» **WHAT THIS TASK INVOLVES**:
Every line of the data should be output word for word.
=== Begin Enclosure ===
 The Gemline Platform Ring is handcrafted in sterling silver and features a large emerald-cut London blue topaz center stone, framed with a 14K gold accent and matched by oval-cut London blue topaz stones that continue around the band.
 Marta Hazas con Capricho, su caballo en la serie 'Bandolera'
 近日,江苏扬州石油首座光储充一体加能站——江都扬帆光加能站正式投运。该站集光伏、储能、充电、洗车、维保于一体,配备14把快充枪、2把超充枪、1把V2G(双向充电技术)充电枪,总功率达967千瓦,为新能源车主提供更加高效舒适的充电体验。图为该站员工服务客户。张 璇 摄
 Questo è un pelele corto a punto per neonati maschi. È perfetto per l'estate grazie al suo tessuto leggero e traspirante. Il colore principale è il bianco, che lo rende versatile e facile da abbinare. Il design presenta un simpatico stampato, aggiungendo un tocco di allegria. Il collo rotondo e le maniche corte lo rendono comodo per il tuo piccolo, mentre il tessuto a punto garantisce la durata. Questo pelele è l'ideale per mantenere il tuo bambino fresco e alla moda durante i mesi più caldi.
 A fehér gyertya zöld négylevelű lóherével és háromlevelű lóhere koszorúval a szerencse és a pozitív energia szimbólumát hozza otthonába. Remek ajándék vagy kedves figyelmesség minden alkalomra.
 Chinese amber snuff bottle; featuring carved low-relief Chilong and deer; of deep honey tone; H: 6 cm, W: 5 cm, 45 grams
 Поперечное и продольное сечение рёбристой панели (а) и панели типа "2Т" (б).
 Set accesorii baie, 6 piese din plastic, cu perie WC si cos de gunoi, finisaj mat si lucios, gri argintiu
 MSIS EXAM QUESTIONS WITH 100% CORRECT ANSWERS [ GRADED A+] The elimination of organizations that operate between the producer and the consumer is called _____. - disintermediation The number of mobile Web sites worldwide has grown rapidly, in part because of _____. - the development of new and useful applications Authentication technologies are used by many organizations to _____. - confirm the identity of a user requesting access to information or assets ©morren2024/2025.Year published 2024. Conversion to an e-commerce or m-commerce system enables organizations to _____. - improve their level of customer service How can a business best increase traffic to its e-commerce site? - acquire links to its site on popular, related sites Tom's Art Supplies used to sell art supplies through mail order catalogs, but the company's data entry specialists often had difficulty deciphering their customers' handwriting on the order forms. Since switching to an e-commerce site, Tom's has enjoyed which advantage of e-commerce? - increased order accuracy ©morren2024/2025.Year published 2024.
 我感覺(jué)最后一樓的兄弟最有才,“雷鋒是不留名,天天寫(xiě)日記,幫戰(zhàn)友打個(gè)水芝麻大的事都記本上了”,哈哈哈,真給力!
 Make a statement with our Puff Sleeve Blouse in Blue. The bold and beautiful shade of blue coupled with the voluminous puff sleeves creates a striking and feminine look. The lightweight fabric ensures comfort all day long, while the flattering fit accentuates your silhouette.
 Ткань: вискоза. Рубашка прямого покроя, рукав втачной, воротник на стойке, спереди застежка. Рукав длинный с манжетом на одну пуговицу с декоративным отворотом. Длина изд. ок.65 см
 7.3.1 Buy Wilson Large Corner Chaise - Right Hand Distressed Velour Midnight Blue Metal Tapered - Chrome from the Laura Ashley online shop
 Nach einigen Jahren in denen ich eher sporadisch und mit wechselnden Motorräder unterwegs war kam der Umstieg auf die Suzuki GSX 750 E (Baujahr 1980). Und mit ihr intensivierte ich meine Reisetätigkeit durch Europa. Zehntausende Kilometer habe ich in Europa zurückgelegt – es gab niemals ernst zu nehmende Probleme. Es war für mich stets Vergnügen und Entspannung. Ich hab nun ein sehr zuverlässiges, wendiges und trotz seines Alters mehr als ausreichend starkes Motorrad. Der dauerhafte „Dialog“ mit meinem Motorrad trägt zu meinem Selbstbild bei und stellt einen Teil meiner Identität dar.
=== End Enclosure ===
» **ANSWER FOR THE TASK**:
 The Gemline Platform Ring is handcrafted in sterling silver and features a large emerald-cut London blue topaz center stone, framed with a 14K gold accent and matched by oval-cut London blue topaz stones that continue around the band.
 Marta Hazas con Capricho, su caballo en la serie 'Bandolera'
 近日,江苏扬州石油首座光储充一体加能站——江都扬帆光加能站正式投运。该站集光伏、储能、充电、洗车、维保于一体,配备14把快充枪、2把超充枪、1把V2G(双向充电技术)充电枪,总功率达967千瓦,为新能源车主提供更加高效舒适的充电体验。图为该站员工服务客户。张 璇 摄
 Questo è un pelele corto a punto per neonati maschi. È perfetto per l'estate grazie al suo tessuto leggero e traspirante. Il colore principale è il bianco, che lo rende versatile e facile da abbinare. Il design presenta un simpatico stampato, aggiungendo un tocco di allegria. Il collo rotondo e le maniche corte lo rendono comodo per il tuo piccolo, mentre il tessuto a punto garantisce la durata. Questo pelele è l'ideale per mantenere il tuo bambino fresco e alla moda durante i mesi più caldi.
 A fehér gyertya zöld négylevelű lóherével és háromlevelű lóhere koszorúval a szerencse és a pozitív energia szimbólumát hozza otthonába. Remek ajándék vagy kedves figyelmesség minden alkalomra.
 Chinese amber snuff bottle; featuring carved low-relief Chilong and deer; of deep honey tone; H: 6 cm, W: 5 cm, 45 grams
 Поперечное и продольное сечение рёбристой панели (а) и панели типа "2Т" (б).
 Set accesorii baie, 6 piese din plastic, cu perie WC si cos de gunoi, finisaj mat si lucios, gri argintiu
 MSIS EXAM QUESTIONS WITH 100% CORRECT ANSWERS [ GRADED A+] The elimination of organizations that operate between the producer and the consumer is called _____. - disintermediation The number of mobile Web sites worldwide has grown rapidly, in part because of _____. - the development of new and useful applications Authentication technologies are used by many organizations to _____. - confirm the identity of a user requesting access to information or assets ©morren2024/2025.Year published 2024. Conversion to an e-commerce or m-commerce system enables organizations to _____. - improve their level of customer service How can a business best increase traffic to its e-commerce site? - acquire links to its site on popular, related sites Tom's Art Supplies used to sell art supplies through mail order catalogs, but the company's data entry specialists often had difficulty deciphering their customers' handwriting on the order forms. Since switching to an e-commerce site, Tom's has enjoyed which advantage of e-commerce? - increased order accuracy ©morren2024/2025.Year published 2024.
 我感覺(jué)最后一樓的兄弟最有才,“雷鋒是不留名,天天寫(xiě)日記,幫戰(zhàn)友打個(gè)水芝麻大的事都記本上了”,哈哈哈,真給力!
 Make a statement with our Puff Sleeve Blouse in Blue. The bold and beautiful shade of blue coupled with the voluminous puff sleeves creates a striking and feminine look. The lightweight fabric ensures comfort all day long, while the flattering fit accentuates your silhouette.
 Ткань: вискоза. Рубашка прямого покроя, рукав втачной, воротник на стойке, спереди застежка. Рукав длинный с манжетом на одну пуговицу с декоративным отворотом. Длина изд. ок.65 см
 7.3.1 Buy Wilson Large Corner Chaise - Right Hand Distressed Velour Midnight Blue Metal Tapered - Chrome from the Laura Ashley online shop
 Nach einigen Jahren in denen ich eher sporadisch und mit wechselnden Motorräder unterwegs war kam der Umstieg auf die Suzuki GSX 750 E (Baujahr 1980). Und mit ihr intensivierte ich meine Reisetätigkeit durch Europa. Zehntausende Kilometer habe ich in Europa zurückgelegt – es gab niemals ernst zu nehmende Probleme. Es war für mich stets Vergnügen und Entspannung. Ich hab nun ein sehr zuverlässiges, wendiges und trotz seines Alters mehr als ausreichend starkes Motorrad. Der dauerhafte „Dialog“ mit meinem Motorrad trägt zu meinem Selbstbild bei und stellt einen Teil meiner Identität dar.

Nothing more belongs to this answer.